TASK GOAL
Take the lines from the one containing "クラウドファンディング開始か" through the end of the material and write them out exactly, omitting pictures.

RECORDS PROVIDED
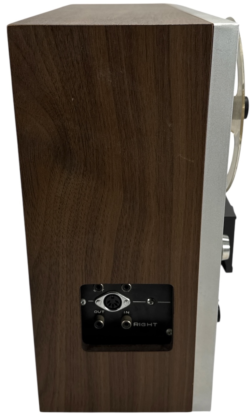 Akai bandrecorder model 4000D, midden 20e eeuw, vervaardigd door Akai Electric Co., Ltd. in Japan. Gemaakt van metaal, houtfineer en kunststof, uitgevoerd als open-reel recorder met solid-state techniek en drie-koppen-systeem. Voorzien van mechanische regelaars, meters en aansluitingen voor microfoon en lijn. Houtfineer zijpanelen, afneembaar zwart deksel met logo. Wilt u bieden? Schrijf u in en doe mee aan de veiling! |
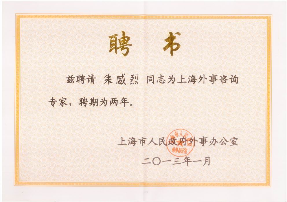 月,中东研究所名誉所长朱威烈教授被上海市人民政府外事办公事聘为上海外事咨询专家,聘期为两年。
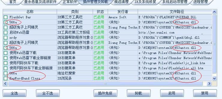 安全模式一点用都没有,我还用了兔子,只能不在工具栏显示,删不掉、不能禁用,关联文件新建IE窗口就恢复,看到很多文件名称都有个特点,就是文件名是4***ntos.DLL,只中间的*不一样。用HijackThis也没用。
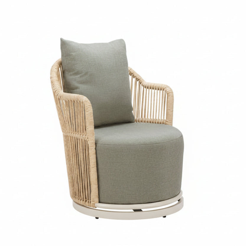 The combination of olefin outdoor fabric, powder-coated aluminum, and synthetic rattan weave gives this chair a balanced look that works well in both casual and more refined outdoor settings. The swivel base also makes it easier to turn toward conversation, views, or nearby seating without moving the whole chair.
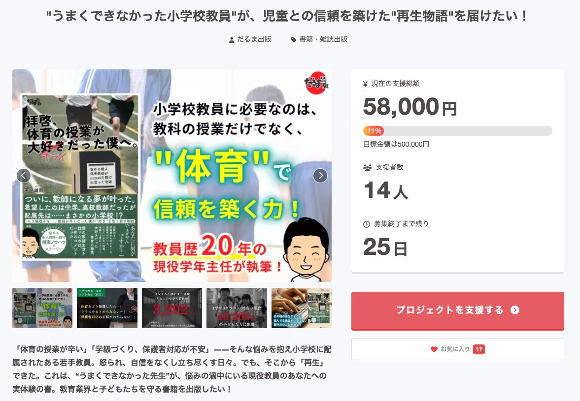 クラウドファンディング開始から21日目となりました!現在14名のあなたから、58,000円のご支援をいただいております。
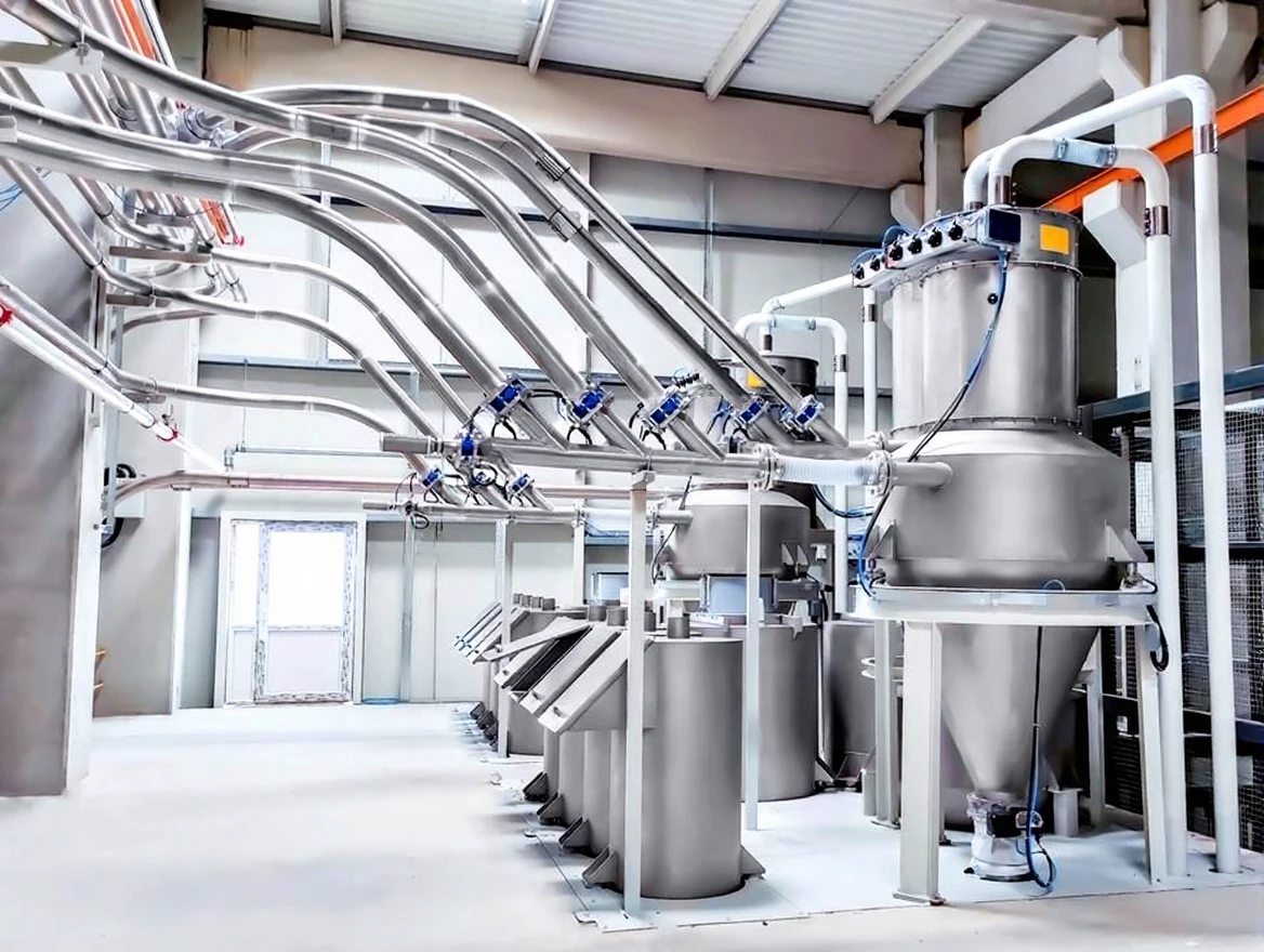 Products can be smoothly transported from bunkers, silos, or bigbag unloading units to target points on the production line.

RESPONSE BELOW
 クラウドファンディング開始から21日目となりました!現在14名のあなたから、58,000円のご支援をいただいております。
 Products can be smoothly transported from bunkers, silos, or bigbag unloading units to target points on the production line.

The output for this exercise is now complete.